Panzer joined OCLC in May 2007 as Global Product Manager of Taxonomy Services, and was appointed Assistant Editor of the DDC in March 2009. From 2002 to 2005, he headed the technical team that translated Dewey into German. He was the first member of a Dewey translation team to be appointed Assistant Editor.
Panzer served on the W3C Library Linked Data Incubator Group, and is currently a member of the W3C Provenance Working Group.
Prior to joining OCLC, he worked at Cologne University of Applied Sciences, where he was team leader of CrissCross, a research project funded by the German Research Foundation focused on mapping SWD, DDC, RAMEAU, and LCSH. He has an MA from Heinrich Heine University (Düsseldorf) in German Literature with a minor in Information Science. He also attended the University of California, Davis, on a four-month research scholarship.

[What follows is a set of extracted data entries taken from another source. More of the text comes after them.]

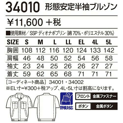 他の画像を見る 自重堂 DESK-WJ 作業服 34010 半袖ブルゾン 春夏 メンズ 作業着 ワークウエア ブルゾン 特別価格 ¥ 7,018 税込 〜 特別価格 ¥ 税込 上質な着心地と優れた形態安定性 SSP加工による優れたイージーケア性と二層構造糸が織りなす 上質な着心地。 つややかな光沢感と爽やかな肌触りのハイクオリティウエア。 詳細を見る お気に入りに登録する
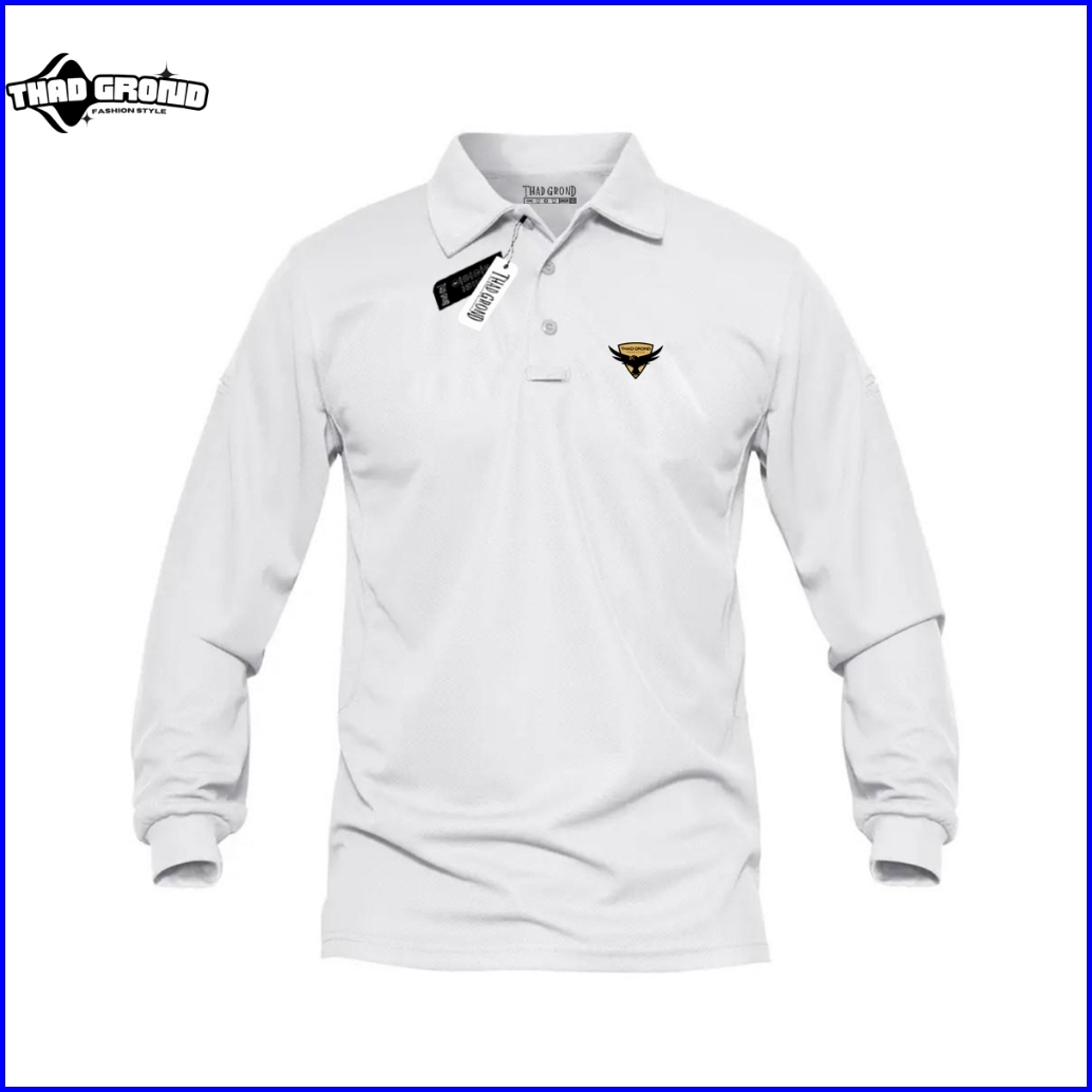 Thad Grond - Polo Shirt Lengan Panjang Logo Perisai Elang Cotton100 Original Polo Abu Tua
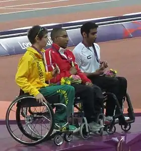 - كما حقق رقم قياسي بارالمبي و هو 15.95 عند فوزه بالميدالية الذهبية إختصاص 100 متر, ليكون بذلك صاحب الرقمين القياسيين العالمي و البارالمبي.
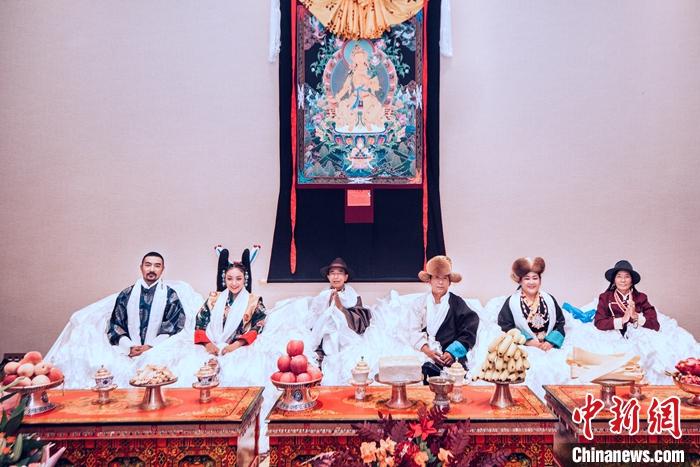 資料圖為德吉卓瑪(左二)和先生德格葉(左一)在婚禮上的照片。中新社發(fā) 德吉卓瑪供圖
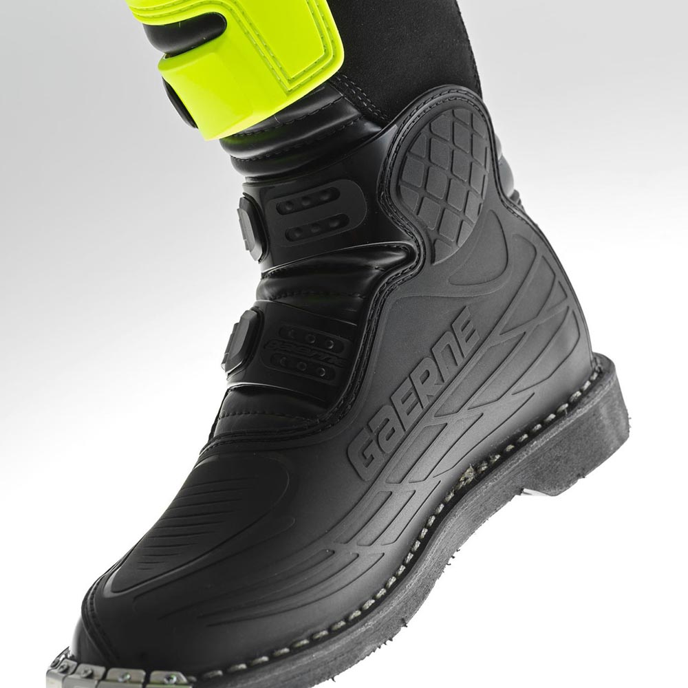 Прочная подошва сделана по технологии Gaerne Goodyear Welted, что повышает срок службы и позволяет легко заменить её при износе. Модель имеет CE-сертификацию по EN 13634:2017 и производится в Италии.
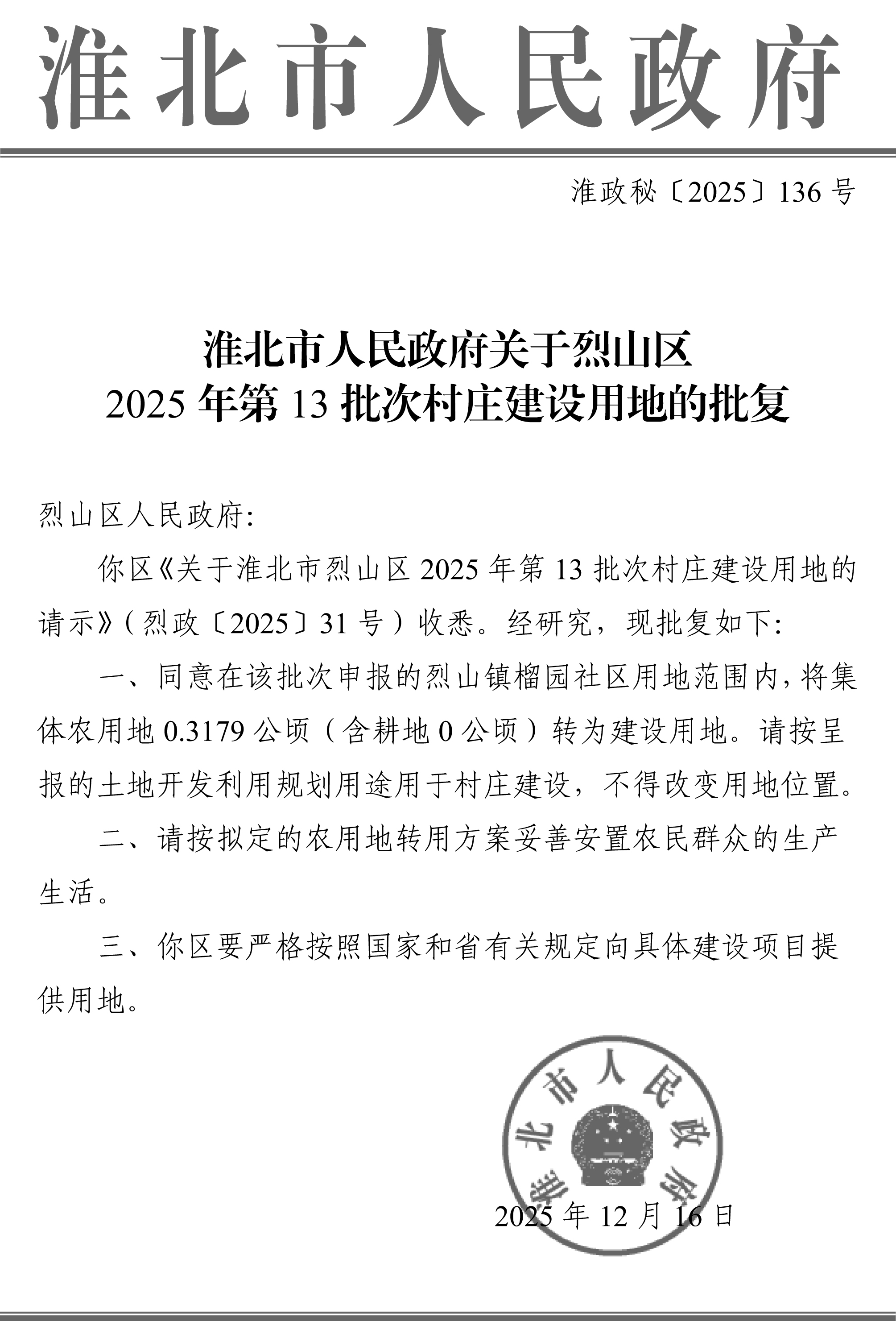淮北市人民政府关于烈山区2025年第13批次村庄建设用地的批复

In 1876, Melvil Dewey first published his innovative classification system. He established Forest Press in 1911 to edit, publish and distribute the classification. Since then, the Dewey Decimal Classification system has been continuously revised to keep pace with the ever-expanding realm of human knowledge. Today it claims to be the world's most widely used library classification system with more than 200,000 libraries using the system worldwide.